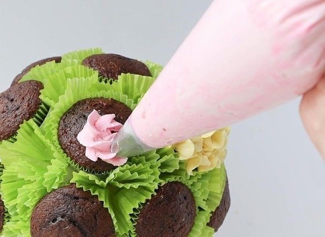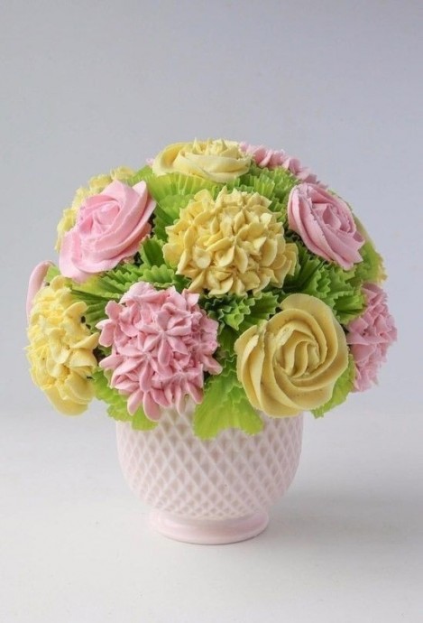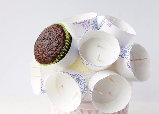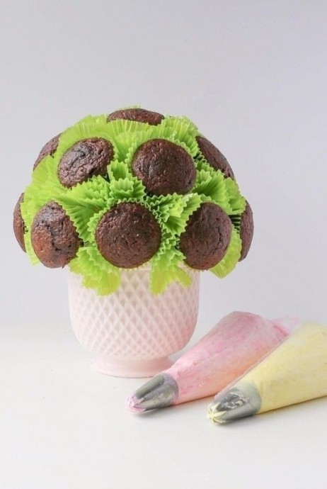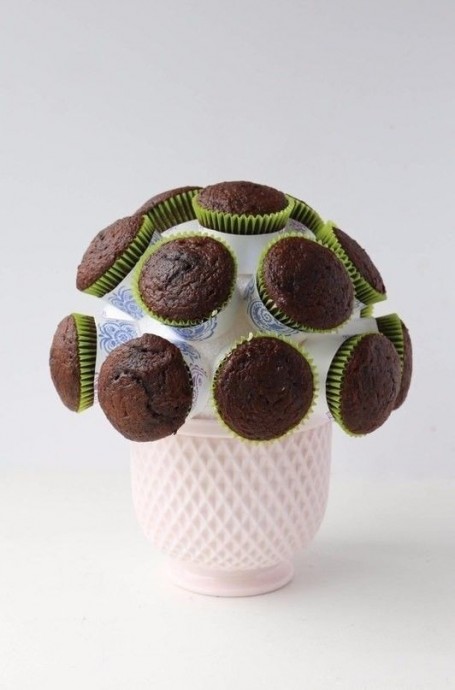 Вкусный букет делается из капкейков, чтобы подать их более оригинально.
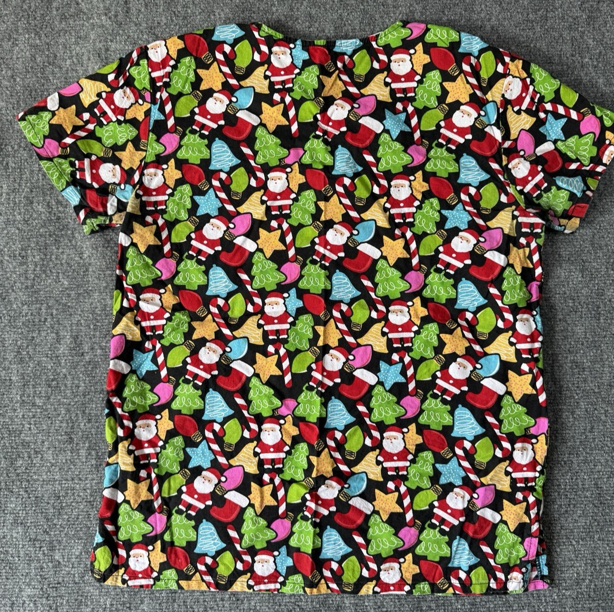 Christmas, Santa Claus Scrub Top Multicolor Women s XS
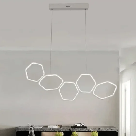 Jocasta a bold yet elegant chandelier featuring a unique, faceted geometric design. Crafted from sturdy metal and featuring crisp, bright LED illumination, this chandelier exudes a classic art deco style. Its contemporary design infiltrates any space with radiant atmospheric lighting, making it perfect for a modern home. Its energy-efficient LED bulbs last up to 20,000 hours of usage, making Jocasta an energy-saving and cost-effective lighting solution.
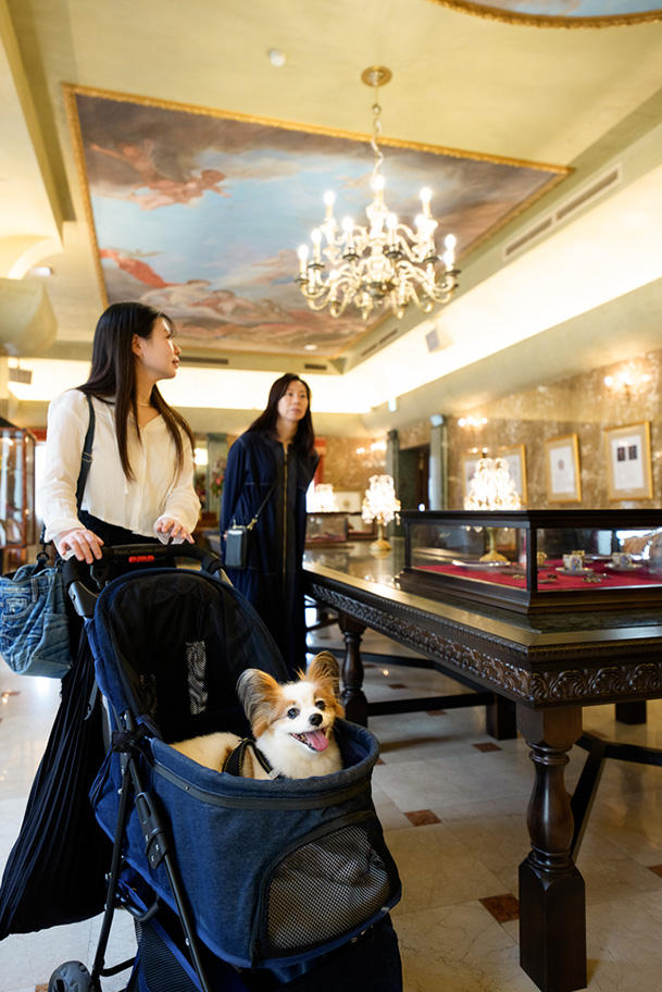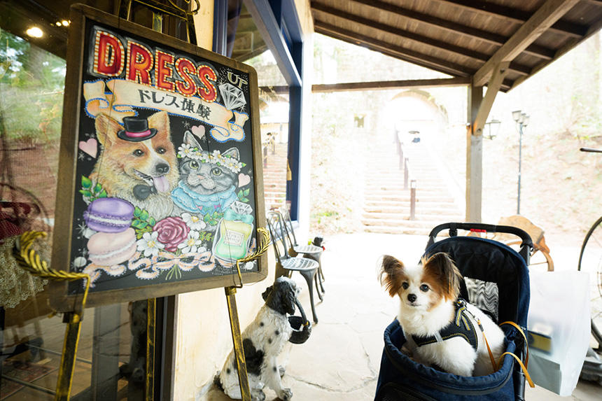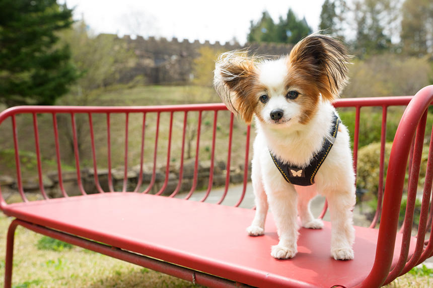 本場の“お城”を背景にしたコスプレ撮影や映画・ドラマのロケに人気の施設なのですが、私たち的に最も嬉しいのは、建物内を含めほとんどの場所にペットと一緒に入れることです。以前に一度先代犬の「マルコ」(ラブラドール・レトリーバー)と来たことがあるのですが、この春、さらにドッグフレンドリー度を強化してリニューアルオープンしたとのことで、再訪しました。今回は、パピヨンの「コロン」(14歳・メス)とご家族と一緒です。
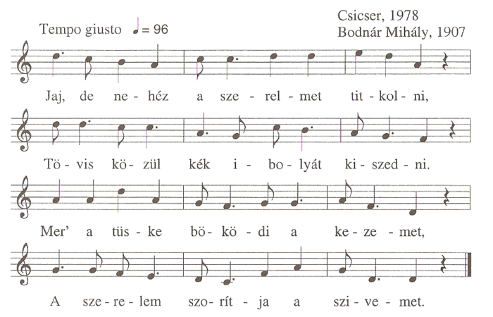 1. Jaj, de nehéz a szerelmet titkolni,Tövis közül kék ibolyát kiszedni.Mer' a tüske böködi a kezemet,A szerelem szorítja a szívemet.2....
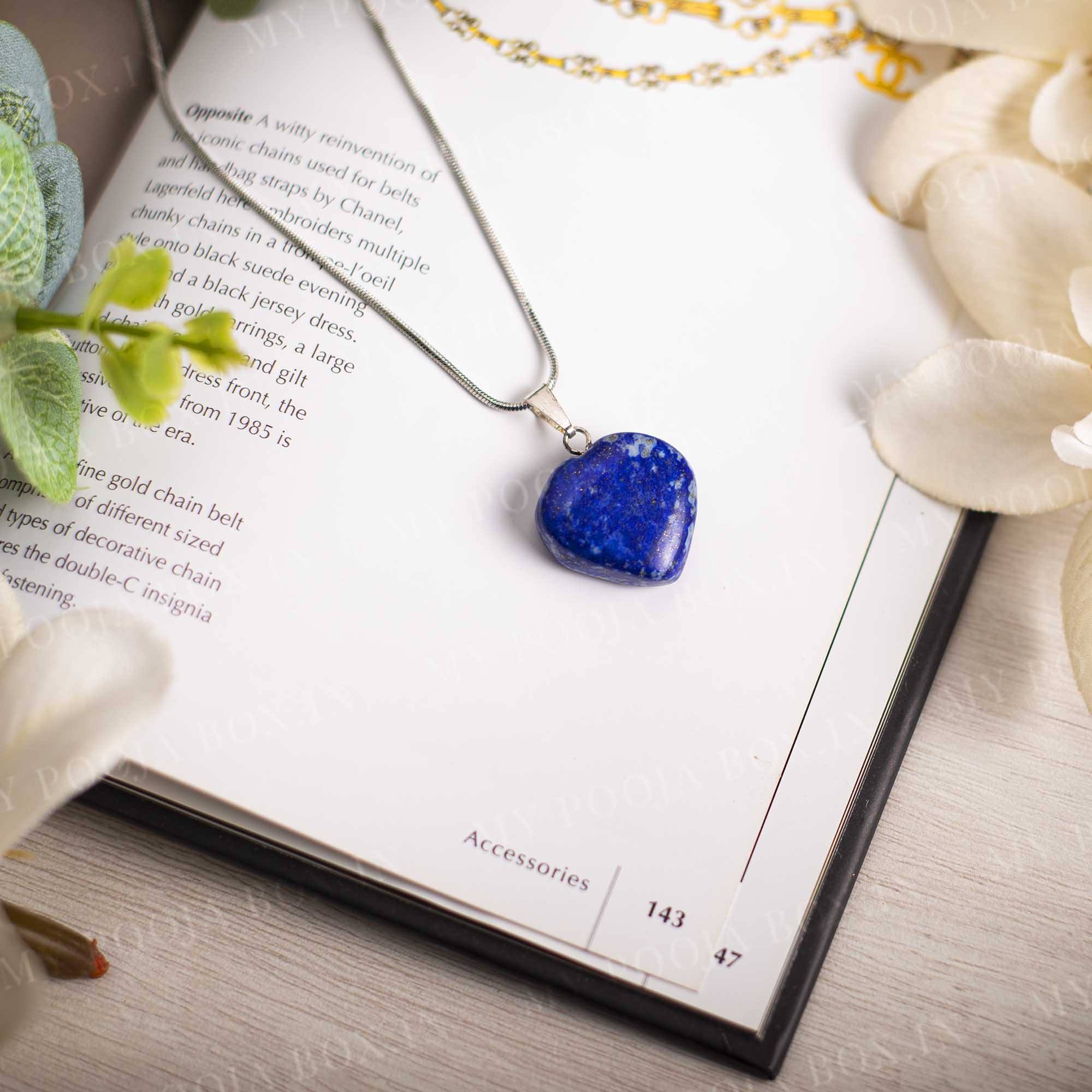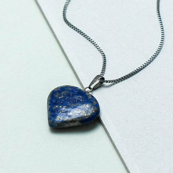This Lapis Lazuli Heart Pendant Necklace showcases the stunning deep blue of the Lapis Lazuli stone, revered for its calming and healing properties. The heart shape symbolizes love and compassion, making it a meaningful and stylish addition to any outfit.
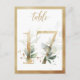 Lindo cartão de número de mesa com um motivo botânico - uma ilustração em aquarela de folhagem verde e números com efeito dourado. Mesa 17. Por favor, verifique todos os números disponíveis
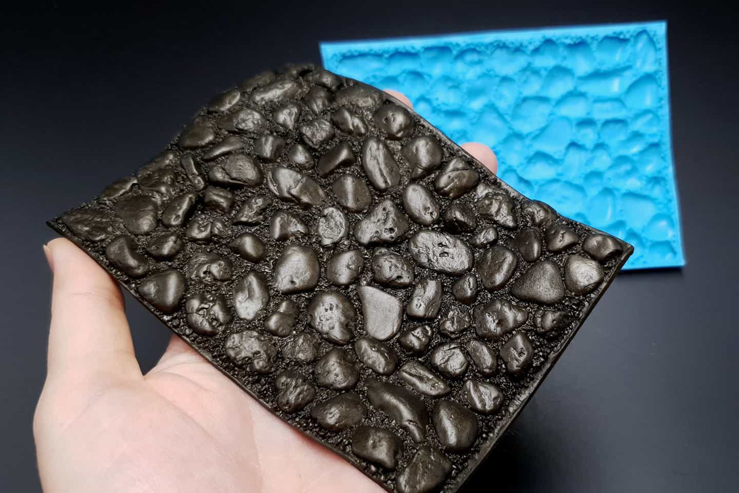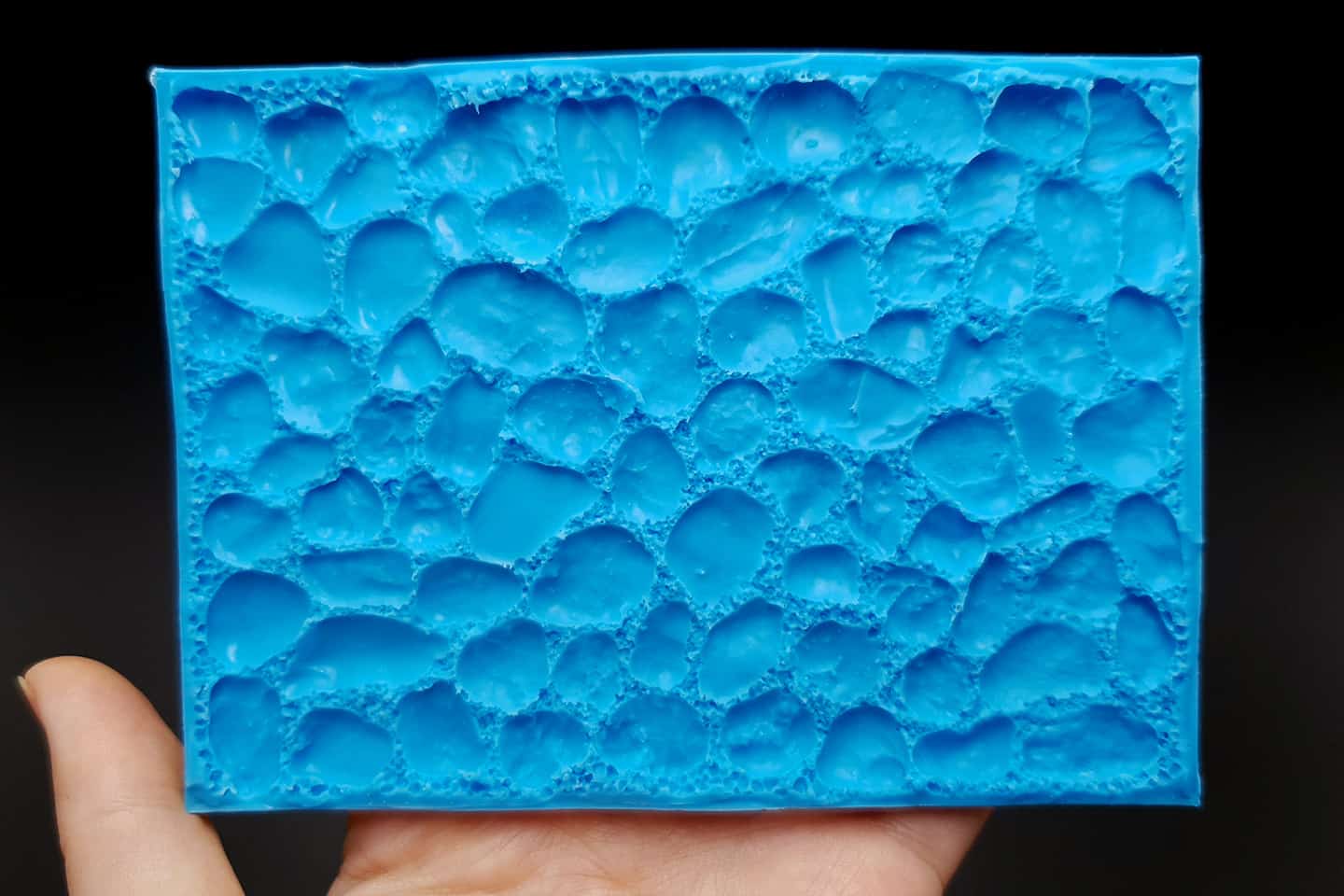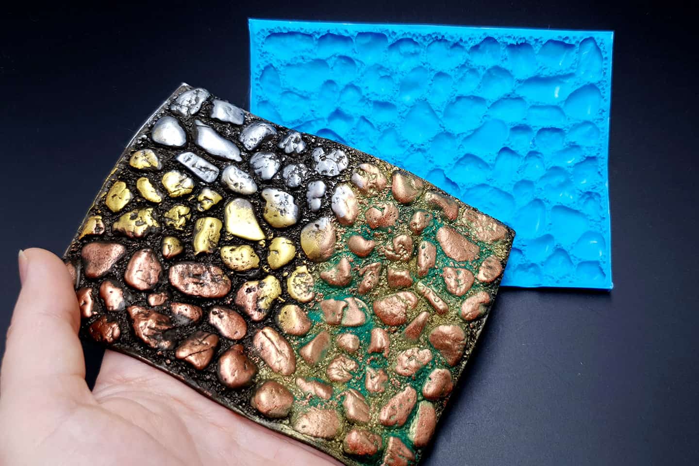 I made this texture from silicone which is flexible and does not require a release agent. It can be baked at a temperature of 150’C and can be used with all brands of polymer clay (preferably recommended a SOFT clay).

## ABOUT THIS TASK
Transcribe all the lines above exactly; any image among them is skipped.

## SOLUTION TO THIS EXERCISE
 Вкусный букет делается из капкейков, чтобы подать их более оригинально.
 Christmas, Santa Claus Scrub Top Multicolor Women s XS
 Jocasta a bold yet elegant chandelier featuring a unique, faceted geometric design. Crafted from sturdy metal and featuring crisp, bright LED illumination, this chandelier exudes a classic art deco style. Its contemporary design infiltrates any space with radiant atmospheric lighting, making it perfect for a modern home. Its energy-efficient LED bulbs last up to 20,000 hours of usage, making Jocasta an energy-saving and cost-effective lighting solution.
 本場の“お城”を背景にしたコスプレ撮影や映画・ドラマのロケに人気の施設なのですが、私たち的に最も嬉しいのは、建物内を含めほとんどの場所にペットと一緒に入れることです。以前に一度先代犬の「マルコ」(ラブラドール・レトリーバー)と来たことがあるのですが、この春、さらにドッグフレンドリー度を強化してリニューアルオープンしたとのことで、再訪しました。今回は、パピヨンの「コロン」(14歳・メス)とご家族と一緒です。
 1. Jaj, de nehéz a szerelmet titkolni,Tövis közül kék ibolyát kiszedni.Mer' a tüske böködi a kezemet,A szerelem szorítja a szívemet.2....
This Lapis Lazuli Heart Pendant Necklace showcases the stunning deep blue of the Lapis Lazuli stone, revered for its calming and healing properties. The heart shape symbolizes love and compassion, making it a meaningful and stylish addition to any outfit.
 Lindo cartão de número de mesa com um motivo botânico - uma ilustração em aquarela de folhagem verde e números com efeito dourado. Mesa 17. Por favor, verifique todos os números disponíveis
 I made this texture from silicone which is flexible and does not require a release agent. It can be baked at a temperature of 150’C and can be used with all brands of polymer clay (preferably recommended a SOFT clay).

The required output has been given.